Finally, we calculated the proportion of each differentially abundant family in the joint microbiome predicted to originate from either the individual forb or grass microbiomes by grouping ASVs into taxonomic families and then summarizing the fraction of ASVs within each family attributed to each possible source using SourceTracker.
Results
Bacterial Microbiomes Differ Between Invasive Grasses and Native Forbs
Overall, the rhizosphere bacterial microbiome varied between invasive grasses and native forbs, but the fungal microbiome did not. The structure of forb bacterial microbiomes was significantly different from the structure of grass bacterial microbiomes (p < 0.001; Fig. 2). Further, bacterial Shannon diversity (Fig. 3) was significantly higher in forb microbiomes than in grass microbiomes (p = 0.035). Conversely, fungal communities showed marginally nonsignificant differences in structure (p = 0.07; Fig. S1) and no significant differences in Shannon diversity of fungal communities among treatments (p = 0.85; Fig. S2). Community structure was significantly different between background soil and all treatment groups for both the bacterial (p < 0.001, Fig. S3a) and fungal communities (p < 0.001, Fig. S3b). There were few species-level differences, with more variation between groups than between species within groups (Figs. S4, S5).
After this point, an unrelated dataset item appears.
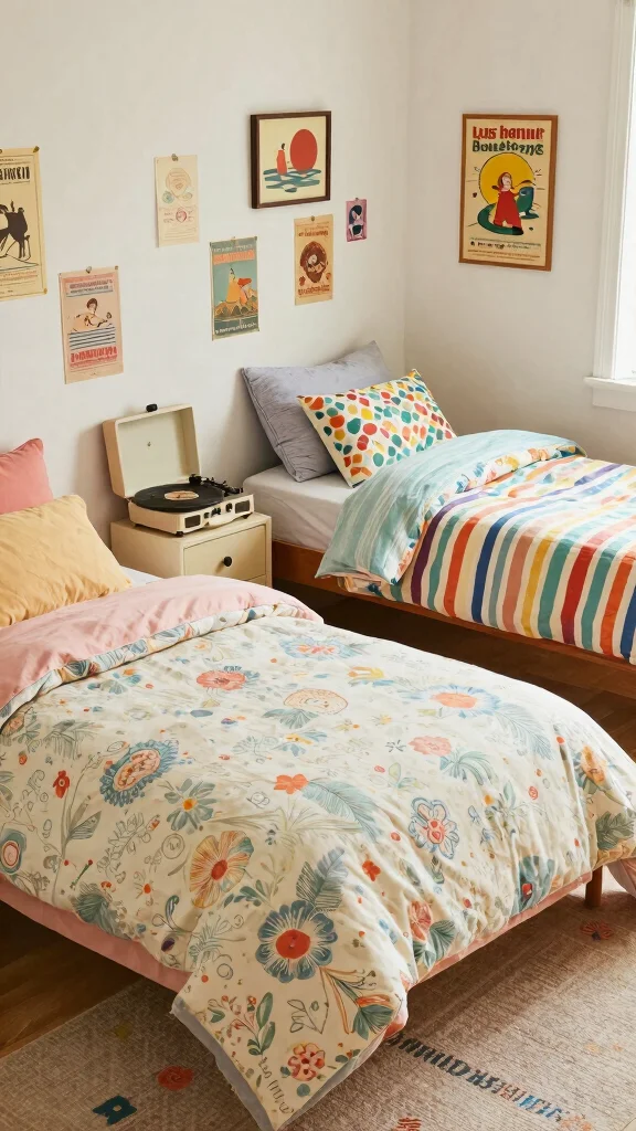 This retro theme invites creativity and nostalgia, making it a perfect blend for siblings sharing a room!

Bacterial microbiome structure differs between grasses and forbs, and shifts during competition. Principal coordinates analysis (PCoA) visualization of weighted UniFrac distances of bacterial communities associated with the rhizosphere. Points in the ordination are colored and represented by shapes based on the rhizosphere of forbs grown alone (purple circles), grasses grown alone (green triangles) and grass-forb pairs, i.e., competition (yellow squares). Ellipses represent the 95% confidence interval around the centroid of each group
Shannon diversity of bacterial microbiomes is highest in forbs. Shannon diversity was used to assess alpha diversity for bacterial microbiomes for each treatment (forbs grown alone, grasses grown alone, competition). Comparisons that are significantly different from each other are notated by different letters (e.g., a vs. b)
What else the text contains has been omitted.